Dopo essere stato pressoché ignorato dai suoi contemporanei, si può dire, letteralmente, che Giovanni Serodine (Ascona o Roma, 1594/1600 - Roma, 1630) sia stato riscoperto dalla critica del Novecento, che gli ha infine riconosciuto il posto adeguato tra i pittori più originali e potentemente personali di area caravaggesca, e più in generale della corrente “naturalista”, della prima metà del Seicento.
Con il titolo
Serodine e brezza caravaggesca sulla "Regione dei laghi", la Pinacoteca Züst di Rancate presenta una selezionata retrospettiva del grande pittore, le cui opere vengono affiancate a dipinti di artisti che possono essere considerati suoi compagni di strada, permettendo di illustrare concretamente come il 'naturalismo', nelle sue varie declinazioni post-caravaggesche, avesse preso piede nelle terre prealpine in modo più profondo di quanto si era sinora sospettato. Se per ragioni conservative non è stato possibile portare a Rancate tutte le opere più significative selezionate nell’area che si estende all'incirca tra lago d’Orta e lago di Como, il catalogo offre un primo tentativo di censimento delle presenze artistiche orientate in senso realistico. Il ventaglio di opere coinvolge, oltre ad alcuni artisti ancora in attesa di trovare un nome, personalità come Guercino, Orazio Borgianni, Tanzio da Varallo, Giovanni Baglione, Domenico Fetti, Giuseppe Vermiglio, Matthias Stom, Hendrick ter Brugghen.
L'esposizione si prefigge di contribuire a una revisione della fisionomia critica di Serodine, e a tal fine sono state convocate quasi tutte le opere da lui eseguite che ancora si conservano in area ticinese accanto ad un nucleo di proposte di dipinti inediti.

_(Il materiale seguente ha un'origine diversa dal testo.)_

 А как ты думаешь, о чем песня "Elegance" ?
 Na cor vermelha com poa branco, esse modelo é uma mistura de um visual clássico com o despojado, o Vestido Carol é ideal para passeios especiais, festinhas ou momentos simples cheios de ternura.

A un quarto di secolo dalla rivelatrice mostra monografica che si svolse a Locarno e a Roma nel 1987, e a quasi vent'anni dall'ultima esposizione a lui dedicata sempre a Rancate, i tempi sembrano in effetti maturi per una riconsiderazione complessiva dell’arte di Serodine, la cui pittura iper-espressiva e marcatamente idiomatica è diventata un punto di riferimento ineludile in qualsiasi ricognizione dell’eredità caravaggesca: sebbene l’adesione di Serodine ai moduli dell’arte del grande maestro lombardo sorvoli ogni preoccupazione di letteralità - ben lontano dalla
Manfrediana methodus come da ciascuna delle varie ortodossie caravaggiste che si affacciarono sulla scena internazionale nei primi tre decenni del XVII secolo - e si giochi per intero sulla ben più ardua interpretazione dello spirito di quell’arte insuperabile, con accenti che, com’è stato tante volte rilevato, preconizzano esiti successivi della pittura europea (Rembrandt
in primis).
Giovanni Serodine, Ritratto del padre, Lugano, Museo Civico
Sta di fatto che tutte le non rare occasioni espositive che negli ultimi vent’anni si sono impegnate intorno alla categoria seducente ma anche ambigua e perniciosa di “caravaggismo”, allineando uno o molteplici capolavori di Serodine, hanno dato agio a studiosi e appassionati non solo di prendere atto in modo definitivo della superba qualità della sua pittura e della profondità della sua poetica, ma perfino di familiarizzare col suo complesso linguaggio formale, in una misura che probabilmente trent’anni fa, prima della mostra di Locarno-Roma, sembrava impronosticabile. Tale progressivo riposizionamento verticistico di Giovanni Serodine (morto, è bene rammentarlo, a non più di 35 anni) sulla scena dell’arte europea del XVII secolo, giunto forse ormai al suo compimento, giustifica l’attuale nuova proposta della Pinacoteca Züst, sempre sopraffina nella sua offerta culturale, nuovamente, come già nel 1993, sotto l’egida di Roberto Contini, tra gli esegeti più fedeli, consapevoli e acribiosi del pittore.